The top CSPs all committed to lofty sustainability goals by the year 2030. This is borne out of the United Nations’ “2030 Agenda for Sustainable Development,” an initiative to leverage sustainable development for the cause of improving quality of life for all. That includes ending poverty, attaining gender equality, and protecting global resources. Every UN member state has committed to the initiative’s sustainability goals and, apparently, so have the big three cloud solution providers. 

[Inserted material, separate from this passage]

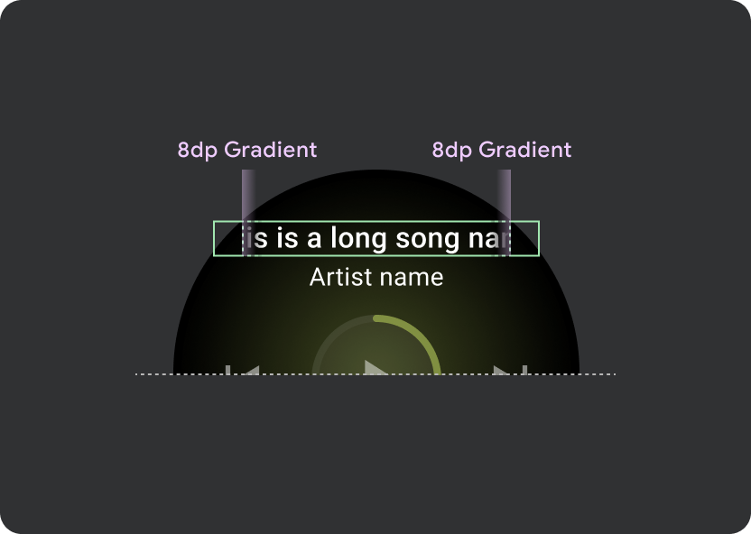 All'interno dell'intestazione, utilizza un margine universale del 9,38%, con un margine aggiuntivo del 6,3% per il titolo del brano. Utilizza un gradiente di 8 dp per i titoli scorrevoli e un'ulteriore spaziatura di 8 dp (con gradiente di 8 dp) quando è presente un'icona. Includi eventuali transizioni di scorrimento del carosello sotto l'icona, la cui posizione rimane fissa.

The cloud computing market will reach $1.55 trillion in value by 2030, according to Grand View Research. With the focus on measuring and better managing water usage, CSPs signal a connection between profits and sustainability efforts. It’s also a sign the CSPs have heard the concerns of their customers and shareholders around sustainability and the firms’ impact on the environment. 

And while the top CSPs have been competing against each other with sustainability feats of strength, hyperscaler Facebook was one of the early leaders in the 2030 water stewardship efforts. Facebook’s parent company Meta announced in 2015 its alignment with the UN’s Sustainable Development Goals (SDGs) in 2021. In its announcement, the firm also pledged water positivity by 2030.  

Facebook has been publishing its WUE since 2014.


Updated headline and paragraph two on November 29, 2022 at 11:09 a.m. to clarify Google's water management stance.
Updated Liz Cruz's title on November 29, 2022 at 11:15 a.m. It was originally reported as AFCOM instead of Informa. Liz Cruz oversees the AFCOM program as part of her duties at Informa.